(Available data)

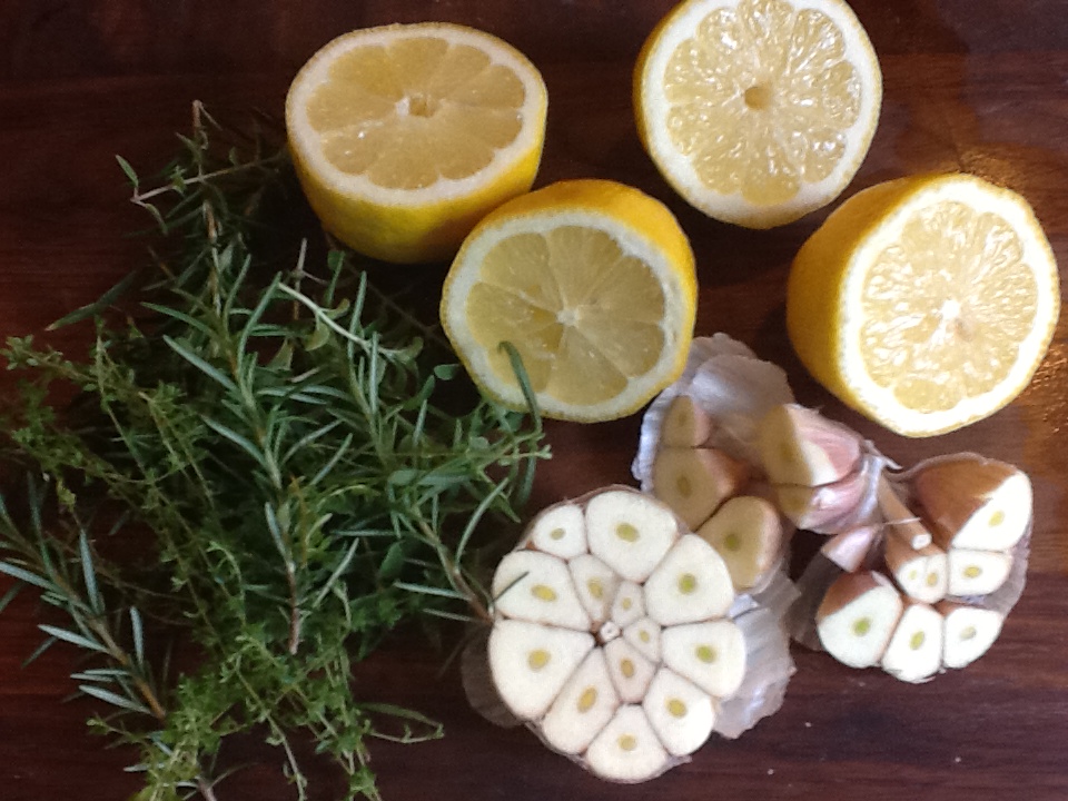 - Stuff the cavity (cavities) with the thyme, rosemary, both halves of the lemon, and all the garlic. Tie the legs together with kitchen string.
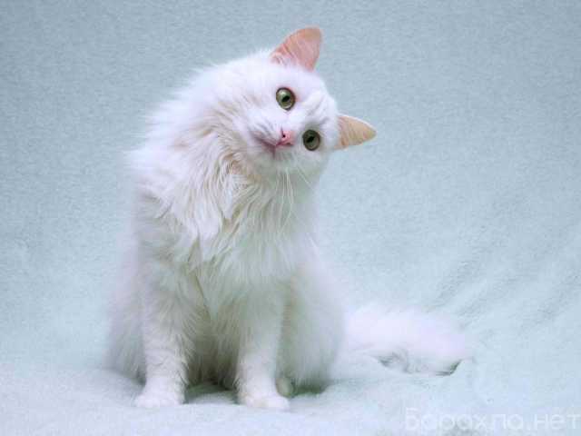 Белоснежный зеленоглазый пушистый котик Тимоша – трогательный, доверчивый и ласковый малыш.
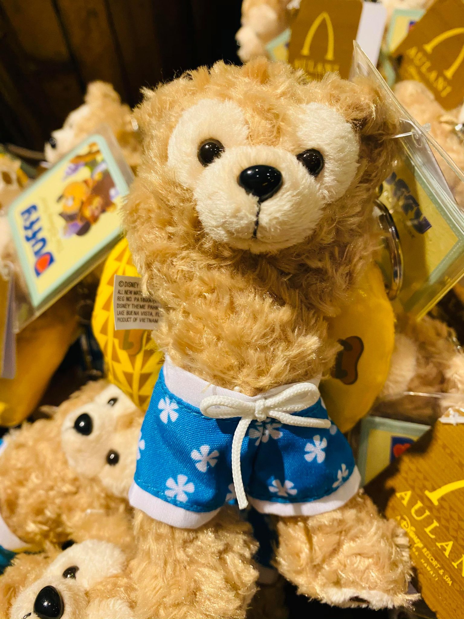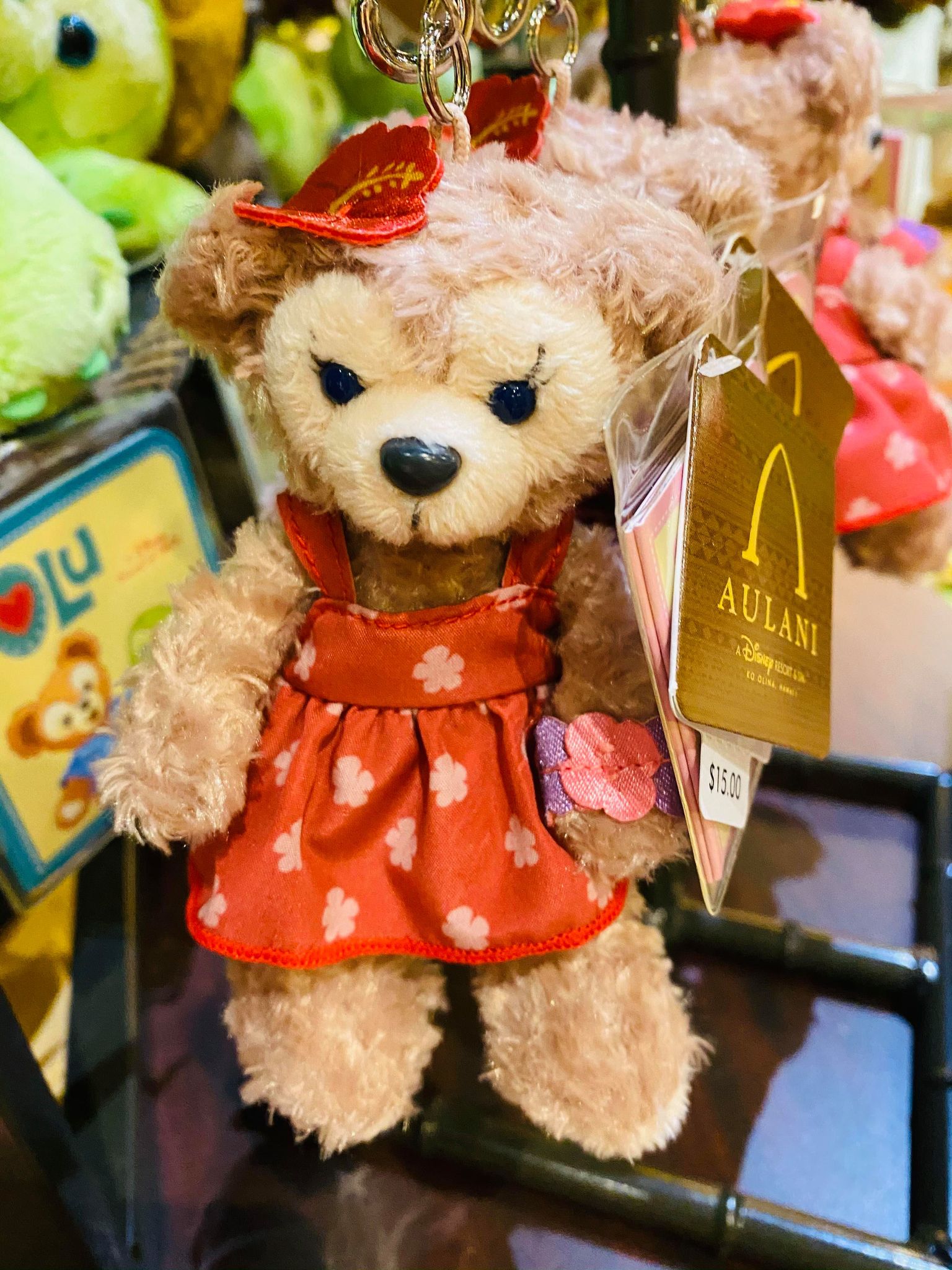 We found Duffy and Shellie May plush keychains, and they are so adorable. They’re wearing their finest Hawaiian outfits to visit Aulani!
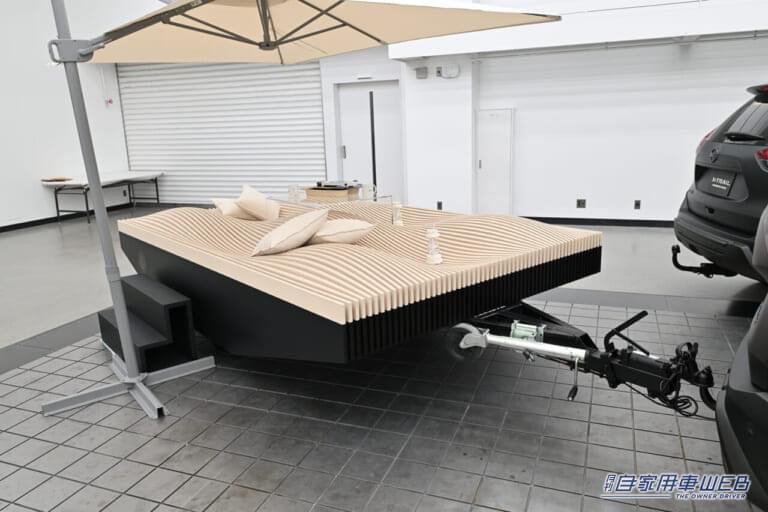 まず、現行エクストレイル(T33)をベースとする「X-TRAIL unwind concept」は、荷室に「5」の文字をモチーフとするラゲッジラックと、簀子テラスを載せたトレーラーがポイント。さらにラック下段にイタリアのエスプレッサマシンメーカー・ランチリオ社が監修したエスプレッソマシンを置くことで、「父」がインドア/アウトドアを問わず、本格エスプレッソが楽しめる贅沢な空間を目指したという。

(End Available data)

> [Prompt] Please copy exactly, and only, the lines from the one that contains "We found Duffy" through the last line of the data above, omitting all pictures.

> [Result]
 We found Duffy and Shellie May plush keychains, and they are so adorable. They’re wearing their finest Hawaiian outfits to visit Aulani!
 まず、現行エクストレイル(T33)をベースとする「X-TRAIL unwind concept」は、荷室に「5」の文字をモチーフとするラゲッジラックと、簀子テラスを載せたトレーラーがポイント。さらにラック下段にイタリアのエスプレッサマシンメーカー・ランチリオ社が監修したエスプレッソマシンを置くことで、「父」がインドア/アウトドアを問わず、本格エスプレッソが楽しめる贅沢な空間を目指したという。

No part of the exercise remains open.